While on its surface, “The New Boy” is about the collision of different kinds of faith, it’s actually more about the inevitable and centuries-old clash between Indigenous people and others who arrived as colonizers.

“I didn’t want to go into it with that sort of worthy kind of victimization,” Thornton says. “It’s just this natural progression of what happens as colonization travels the world.

“If you imagine a field of wheat, that it’s been planted by a colonizer, and there’s these native sort of weeds in between the wheat,” he says, laughing. “It’s a terrible, terrible notion to call us Indigenous people weeds, but we get colonized by this wheat and then the harvesters come through and you don’t even see us.

“It’s kind of putting us on the map,” Thornton continues. “Like, we are there as well, and that’s kind of the bigger picture for me. I was never really like, ‘A certain power wins.’ I really didn’t want to go there even though Christianity kind of does win.

“It was more about saying that we were here, and we are here, and we still have special magic.”

An empathetic eye

As a White Australian who grew up familiar with Christianity, if not particularly religious, Blanchett came to Sister Eileen with empathy for her decisions, if not endorsement of her actions.

“One of the things I found interesting about Sister Eileen, there’s a war going on,” she says of both World War II and the struggle between Australia’s Indigenous and non-native populations then and now. “And the inevitability of that particular machine, particularly if you’re a young Indigenous child, is that you will be eaten up by it.

“So trying to stave off that inevitability, she’s shut the outside world out, and sort of willfully created this anxious sort of innocence,” she says. “And she’s fostered this innocence that the inevitability of the world won’t happen.

“I think she’s desperate for a miracle, and that was something I found very moving,” Blanchett says of Sister Eileen’s desire to save the orphaned boys in every sense of the word. “I think she’s alive to the miracle of the new boy, but really sort of fearful of the change that he represents. Ultimately, when she’s asked to attempt to fly, she’s profoundly mortal.”
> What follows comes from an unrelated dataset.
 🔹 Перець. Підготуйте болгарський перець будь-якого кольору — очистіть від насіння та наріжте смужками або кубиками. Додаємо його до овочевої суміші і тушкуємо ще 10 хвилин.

“The New Boy” premiered at the Cannes Film Festival in 2023, followed by its release in Australia, where it became one of the most acclaimed films of that year. Aswan Reid won best actor at the Australian Academy of Cinema and Television Arts Awards, where the film earned a total of 12 nominations.
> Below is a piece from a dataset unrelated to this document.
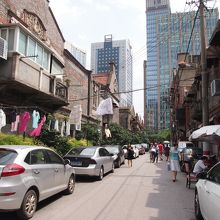 家から突き出た物干しざおや、路地で遊ぶ子供らなど生活を垣間見ることができます。

Blanchett, Blair and Mailman were each nominated in acting categories, with Mailman winning for best supporting actress. Thornton received nominations for directing, screenplay and cinematography. He won the AACTA Award for the latter category, a well-deserved honor, for “The New Boy” is a gorgeously shot film, mixing painterly vistas of rural Australian wheatfields with intimate chiaroscuro scenes inside the orphanage.

“I started off with cinematography, so I still shoot my own films,” says Thornton, who also won the prestigious Gold Frog for best cinematography at the 2023 Camerimage, the prestigious international cinematography awards.

“The funniest thing about this film is that I pitched to everyone earlier and they all asked, ‘What’s it going to look like?’” he says. “I’d say it looks like ‘Days of Heaven,’” [The 1978 Terrence Malick film was beautifully set and shot amid its own endless wheatfields.]

“The irony is, I’ve never seen ‘Days of Heaven,’” Thornton says, laughing. “Everyone needs to see an image, and they need to put it in the box and tie it in a bow so they understand it. Well, the box was empty for me, but I gave them an image.

“Hey, I lied and I survived,” he says. “It’s a strange, strange way to live.”